1. load thousands of datasets containing millions of cells in a few seconds.
2. preprocess the data per dataset and download it locally (normalization, filtering, etc.)
3. create a more complex single cell dataset
4. extend it to your need

built on top of `lamindb` and the `.mapped()` function by Sergey: https://github.com/Koncopd 

The package has been designed together with the [scPRINT paper](https://doi.org/10.1101/2024.07.29.605556) and [model](https://github.com/cantinilab/scPRINT).

## More

I needed to create this Data Loader for my PhD project. I am using it to load & preprocess thousands of datasets containing millions of cells in a few seconds. I believed that individuals employing AI for single-cell RNA sequencing and other sequencing datasets would eagerly utilize and desire such a tool, which presently does not exist.
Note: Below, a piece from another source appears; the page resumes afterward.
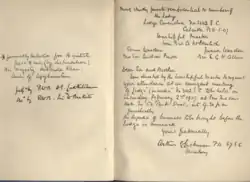 An account of this highly unusual event was written at the time by Sir Henry McMahon.[13][14][15][16][17] It was performed in an unusual style, the Emir taking all three ordinary degrees of masonry at once - a rare event rumoured to signify membership of the Roshaniya.[18]

![scdataloader.drawio.png](docs/scdataloader.drawio.png)

## Install it from PyPI

```bash
pip install scdataloader
# or
pip install scDataLoader[dev] # for dev dependencies

lamin init --storage ./testdb --name test --schema bionty
```

if you start with lamin and had to do a `lamin init`, you will also need to populate your ontologies. This is because scPRINT is using ontologies to define its cell types, diseases, sexes, ethnicities, etc.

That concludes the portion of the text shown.